Winter expeditions to eight-thousanders are not a walk in the park. This winter proves that once again. As reported, Manaslu in Nepal has already put the Italian Simone Moro and his Nepalese climbing partner Pemba Gyalje Sherpa to rout. According to Simone, fresh snow in the base camp piled up to six meters. The danger of avalanches was correspondingly high. Time to disappear: “Sometimes giving up is an essential ingredient for future success,” Moro wrote on Facebook. “With this decision I want to honor the nickname ‘winter maestro’ I have been given.” Having scaled Shishapangma, Makalu, Gasherbrum II and Nanga Parbat in the cold season, the 51-year-old had succeeded first winter ascents on four of the 14 eight-thousanders.

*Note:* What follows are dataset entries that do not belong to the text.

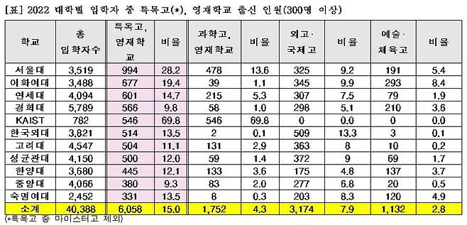전체 대학(4년제 대학, 교육대 등) 입학자 33만7천53명 가운데 영재·특목고 출신은 1만4천804명(4.4%)이다.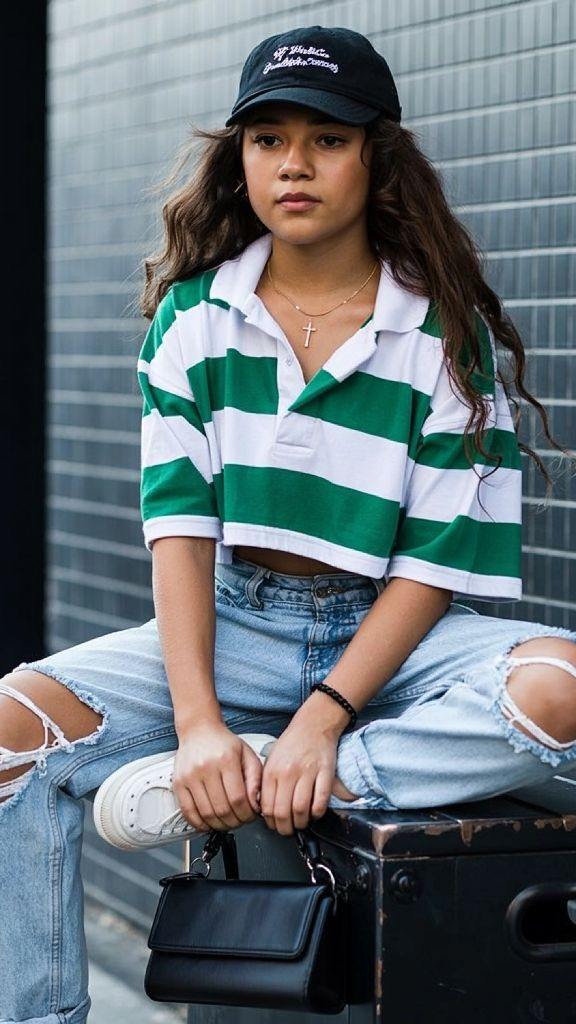 The cropped rugby polo is having a serious moment, and this green-and-white striped version is proof of why. Paired with light wash distressed baggy jeans, a black baseball cap, and white sneakers, this outfit is pure trendy teen street style energy. The cross necklace and small black handbag add intentional details that make it feel curated rather than random. It’s sporty, it’s cool, and it’s the kind of look that makes you want to explore the city with your friends.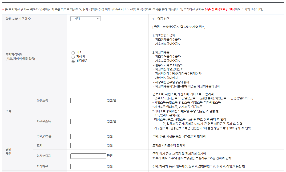 소득인정액 모의 계산기는 가구원수, 소득, 재산 등을 입력하면 간판하게 계산할 수 있도록 되어 있습니다.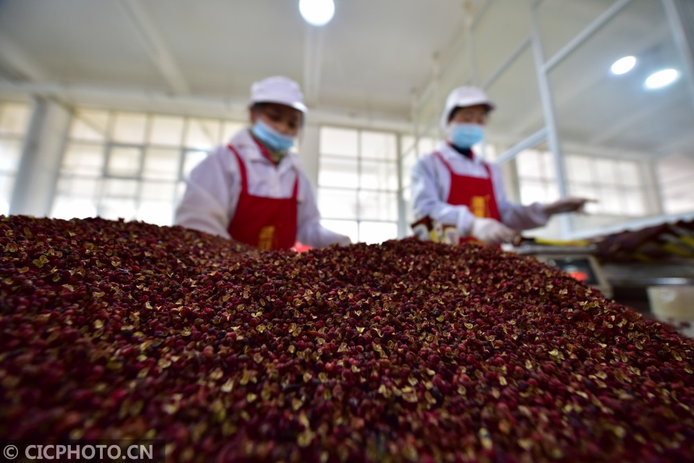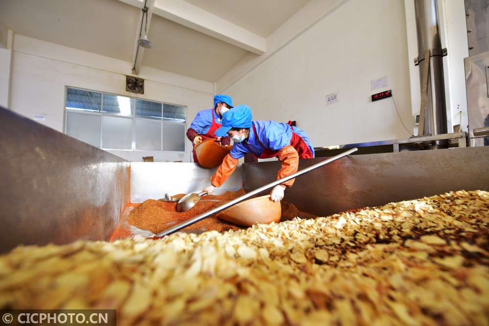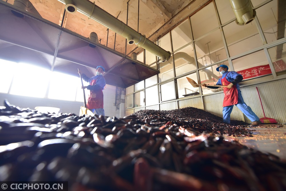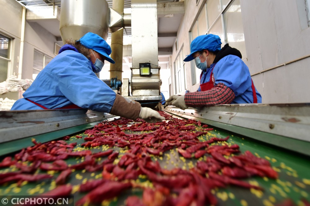 以上图片:2021年1月19日,贵州省龙里县一辣椒加工企业的工人在生产车间作业。CICPHOTO/龙毅 摄

Today is the eighth anniversary of Simone’s success on G II in the Karakoram.
“I don’t want to die on this mountain”
Not only on Manaslu, but also on Nanga Parbat there was heavy storm and snowfall. The Italian Daniele Nardi and the Brit Tom Ballard lost two tents and equipment with a total value of about 10.000 euros, which they had deposited on the Mummery Rib before. Even more importantly, they are now on their own. Their two Pakistani teammates Rahmat Ullah Baig and Karim Hayat have left the expedition. Rahmat suffered from a severe sore throat. Karim estimated the avalanche danger to be too high. “When Tom and I were in Camp 2, Karim contacted us from Base Camp. He saw avalanches and begged us to come down immediately. He told me clearly that he would not climb the mountain anymore,” Daniele Nardi told the Italian internet portal iene.mediaset.it. “I do not want to die on this mountain,” wrote Karim from Nanga Parbat Base Camp.

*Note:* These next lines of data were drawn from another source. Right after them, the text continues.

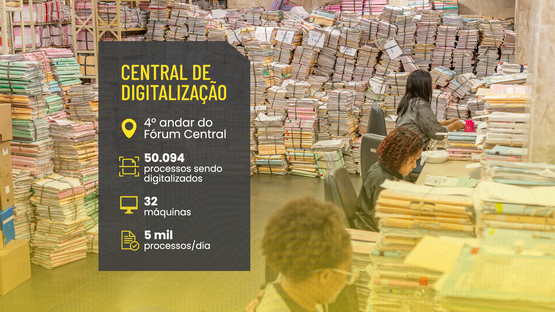 Uma empresa terceirizada realiza a digitalização e lança num sistema informatizado que permite a indexação das peças à distância numa força-tarefa que é realizada por grupos de servidores coordenados pela DGJUR. ", explica a diretora da DGJUR, Alessandra Anátocles. Ela acrescenta que a diretoria presta apoio aos cartórios com dificuldades em preparar o acervo físico para virtualização.
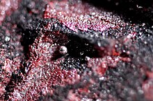 ![]() Cinnabarit auf Calcit aus Charcas, Municipio de Charcas, San Luis Potosí, Mexiko (Größe: 5,0 cm × 3,5 cm × 3,0 cm) | |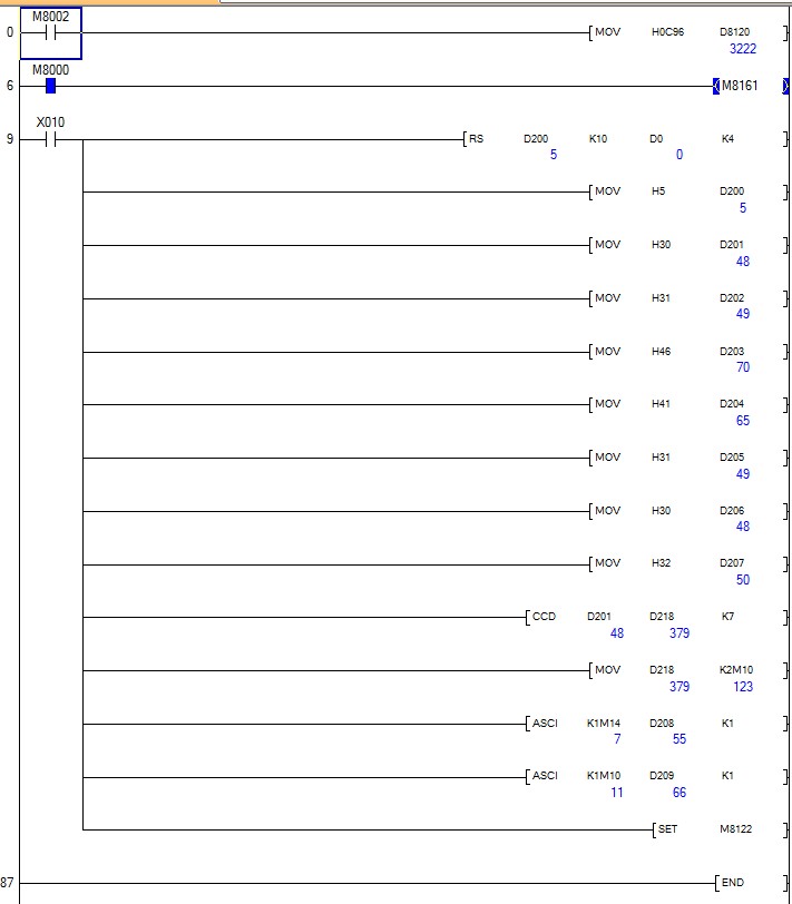 看下這個1N的485程序?qū)Σ唬琗10接通變頻器不動作。變頻器參數(shù)應(yīng)該是沒錯的,不知道哪里出了問題。我的變頻器三菱S500系列的 PLC FX1N大神們幫幫忙啊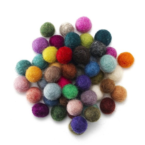 Nepalvilla, huovutettua lampaanvillaa. 50 kpl pakkaus. Väriseos, Ø 10 mm.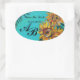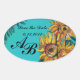 SONNENBLUMEN IN BLAU, AQUAMARIN, Save the Date, Mo Ovaler Aufkleber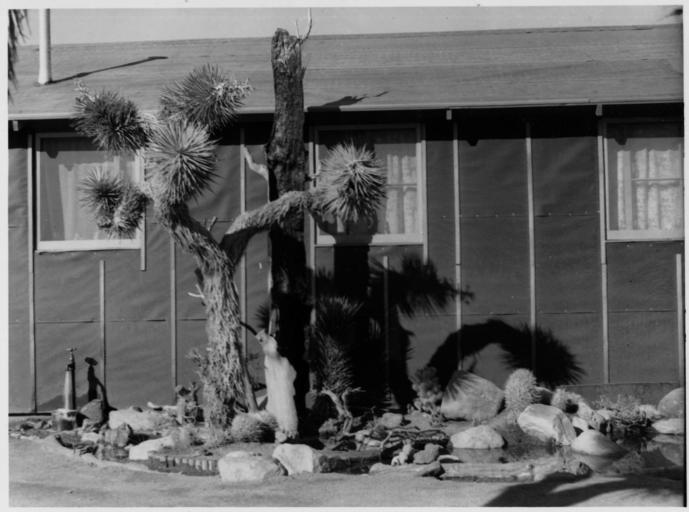 | Keywords: Manzanar Relocation Center, Manzanar, California. William Katsuki, former professional landscape ga . . . - NARA - 538153.jpg Scope and content The full caption for this photograph reads Manzanar Relocation Center Manzanar California William Katsuki former professional landscape gardener for large estates in Southern California demonstrates his skill and ingenuity in creating from materials close at hand a desert garden alongside his home in the barracks at this War Relocation Authority center General notes 538153 Local identifier 210-G-C865A Department of the Interior War Relocation Authority 02/16/1944 - 06/30/1946 NARA-Author Lange Dorothea 1895-1965 Photographer 1372774 <br /> Still Picture Records Section Special Media Archives Services Division NWCS-S National Archives at College Park 8601 Adelphi Road College Park MD 20740-6001 1942-06-30 Record group Record Group 210 Records of the War Relocation Authority 1941 - 1989 Record group ARC 537 Central Photographic File of the War Relocation Authority compiled 1942 - 1945 Series ARC 536000 File unit File unit ARC Variant control numbers NAIL Control Number NWDNS-210-G-C865A Other versions <gallery> File Manzanar_Relocation_Center _Manzanar _California _William_Katsuki _former_professional_landscape_ga_ _ _ _-_NARA_-_538153 tif tif File Manzanar_Relocation_Center _Manzanar _California _William_Katsuki _former_professional_landscape_ga_ _ _ _-_NARA_-_538153 jpg jpg </gallery> NARA-cooperation PD-USGov Photographs by Dorothea Lange of Manzanar War Relocation Center Gardens in California 1942 Built in California in 1942 1942 in California Manzanar Manzanar War Relocation Center 05 NARA images of Inyo County California Black and white photographs of gardens Manzanar Black and white photographs of California |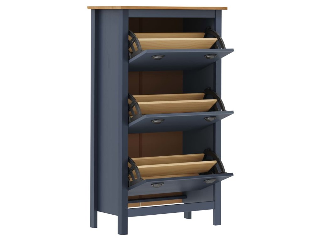 Tento organizér topánok, ktorý vyrobený z masívneho borovicového dreva, je stabilný a trvácny. Obsahuje 3 priehradky s 3 výklopnými dverami pre ľahký prístup.

Nardi and Ballard do not want to give up yet. “We’ve lost a lot of critical equipment involuntarily and two good friends voluntarily,” Tom wrote on Facebook. “However, we are more determined than ever. Our quest continues.” They both want to reach the summit of Nanga Parbat via the never completely climbed Mummery Rib in the Diamir Face.
Two parallel fixed ropes
On K2, the only one of the 14 eight-thousanders that has never been scaled in winter so far, the extreme conditions also take their toll. The two Poles Waldemar Kowalewski and Marek Klonowski from the team of the Spaniard Alex Txikon were – as reported – flown out of the base camp. Kowalewski had been hit by a stone or chunk of ice on his collarbone during the descent, Klonowski suffered from heart problems. The Kyrgyz Mikhail Danichkin from the international team led by the Kazakh Vassiliy Pivtsov has health problems too. Mikhail suffers from a severe cough, but takes antibiotics and hopes to be fit again before his team’s next ascent.
The climbers from Russia, Kazakhstan and Kyrgyzstan have secured the normal route over the Southeast Ridge up to an altitude of 6,800 meters with fixed ropes. The pictures they published on Facebook show two obviously new fixed ropes running parallel to each other, about one meter apart. That doesn’t look like cooperation, but rather like Pivtsov’s and Txikon’s’teams, climbing on the same route, want nothing to do with each other. Does it even end up as a race? As if K2 wasn’t dangerous enough …
Update February 3: Alex Txikon’s team has responded to my question why the two teams on K2 do not work together and only use one fixed rope together to save time and power: “From C1 to C2 there is only one route equipped with new ropes, Alex’s. They have been equipping that way. The other ropes are old ones.”